» **Exercise requirements**: Every line of the listing should be retyped exactly, but none of the pictures should be.

» **Given data**:
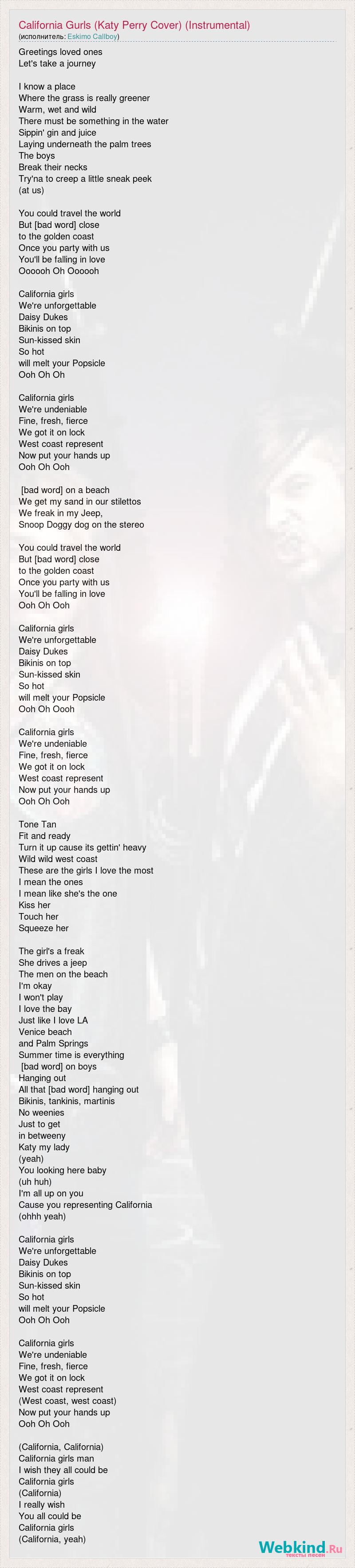 Greetings loved ones Let's take a journey I know a place Where the grass is really greener Warm, wet and wild There must be something in the water Sippin' gin and juice Laying underneath the palm trees The boys Break their necks Try'na to creep a little sneak peek (at us) You could travel the world But [bad word] close to the golden coast Once you party with us You'll be falling in love Oooooh Oh Oooooh California girls We're unforgettable Daisy Dukes Bikinis on top Sun-kissed skin So hot will melt your Popsicle Ooh Oh Oh California girls We're undeniable Fine, fresh, fierce We got it on lock West coast represent Now put your hands up Ooh Oh Ooh [bad word] on a beach We get my sand in our stilettos We freak in my Jeep, Snoop Doggy dog on the stereo You could travel the world But [bad word] close to the golden coast Once you party with us You'll be falling in love Ooh Oh Ooh California girls We're unforgettable Daisy Dukes Bikinis on top Sun-kissed skin So hot will melt your Popsicle Ooh Oh Oooh California girls We're undeniable Fine, fresh, fierce We got it on lock West coast represent Now put your hands up Ooh Oh Ooh Tone Tan Fit and ready Turn it up cause its gettin' heavy Wild wild west coast These are the girls I love the most I mean the ones I mean like she's the one Kiss her Touch her Squeeze her The girl's a freak She drives a jeep The men on the beach I'm okay I won't play I love the bay Just like I love LA Venice beach and Palm Springs Summer time is everything [bad word] on boys Hanging out All that [bad word] hanging out Bikinis, tankinis, martinis No weenies Just to get in betweeny Katy my lady (yeah) You looking here baby (uh huh) I'm all up on you Cause you representing California (ohhh yeah) California girls We're unforgettable Daisy Dukes Bikinis on top Sun-kissed skin So hot will melt your Popsicle Ooh Oh Ooh California girls We're undeniable Fine, fresh, fierce We got it on lock West coast represent (West coast, west coast) Now put your hands up Ooh Oh Ooh (California, California) California girls man I wish they all could be California girls (California) I really wish You all could be California girls (California, yeah)
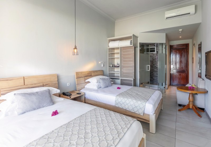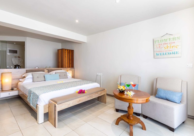 Die Zimmer sind funktional ausgestattet: Dusche und WC, Föhn, Kaffee- und Teezubereiter, Sat-TV, Telefon, Safe, Klimaanlage sowie Balkon oder Terrasse. Internetzugang und WiFi stehen zur Verfügung. Je nach Wunsch blickt Ihr in den Garten oder auf das Meer. Highlight: Klare Ausstattung mit Klimaanlage und eigenem Außenbereich.
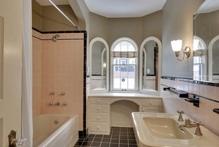 A well-maintained mediterranean-style duplex surrounded by mature trees and beautifully crafted homes. Architectural details include a gracious tiled entry, hardwood floors, crown moulding, arched doorways, divided light windows, and curved bays.

» **Answer space**:
 Greetings loved ones Let's take a journey I know a place Where the grass is really greener Warm, wet and wild There must be something in the water Sippin' gin and juice Laying underneath the palm trees The boys Break their necks Try'na to creep a little sneak peek (at us) You could travel the world But [bad word] close to the golden coast Once you party with us You'll be falling in love Oooooh Oh Oooooh California girls We're unforgettable Daisy Dukes Bikinis on top Sun-kissed skin So hot will melt your Popsicle Ooh Oh Oh California girls We're undeniable Fine, fresh, fierce We got it on lock West coast represent Now put your hands up Ooh Oh Ooh [bad word] on a beach We get my sand in our stilettos We freak in my Jeep, Snoop Doggy dog on the stereo You could travel the world But [bad word] close to the golden coast Once you party with us You'll be falling in love Ooh Oh Ooh California girls We're unforgettable Daisy Dukes Bikinis on top Sun-kissed skin So hot will melt your Popsicle Ooh Oh Oooh California girls We're undeniable Fine, fresh, fierce We got it on lock West coast represent Now put your hands up Ooh Oh Ooh Tone Tan Fit and ready Turn it up cause its gettin' heavy Wild wild west coast These are the girls I love the most I mean the ones I mean like she's the one Kiss her Touch her Squeeze her The girl's a freak She drives a jeep The men on the beach I'm okay I won't play I love the bay Just like I love LA Venice beach and Palm Springs Summer time is everything [bad word] on boys Hanging out All that [bad word] hanging out Bikinis, tankinis, martinis No weenies Just to get in betweeny Katy my lady (yeah) You looking here baby (uh huh) I'm all up on you Cause you representing California (ohhh yeah) California girls We're unforgettable Daisy Dukes Bikinis on top Sun-kissed skin So hot will melt your Popsicle Ooh Oh Ooh California girls We're undeniable Fine, fresh, fierce We got it on lock West coast represent (West coast, west coast) Now put your hands up Ooh Oh Ooh (California, California) California girls man I wish they all could be California girls (California) I really wish You all could be California girls (California, yeah)
 Die Zimmer sind funktional ausgestattet: Dusche und WC, Föhn, Kaffee- und Teezubereiter, Sat-TV, Telefon, Safe, Klimaanlage sowie Balkon oder Terrasse. Internetzugang und WiFi stehen zur Verfügung. Je nach Wunsch blickt Ihr in den Garten oder auf das Meer. Highlight: Klare Ausstattung mit Klimaanlage und eigenem Außenbereich.
 A well-maintained mediterranean-style duplex surrounded by mature trees and beautifully crafted homes. Architectural details include a gracious tiled entry, hardwood floors, crown moulding, arched doorways, divided light windows, and curved bays.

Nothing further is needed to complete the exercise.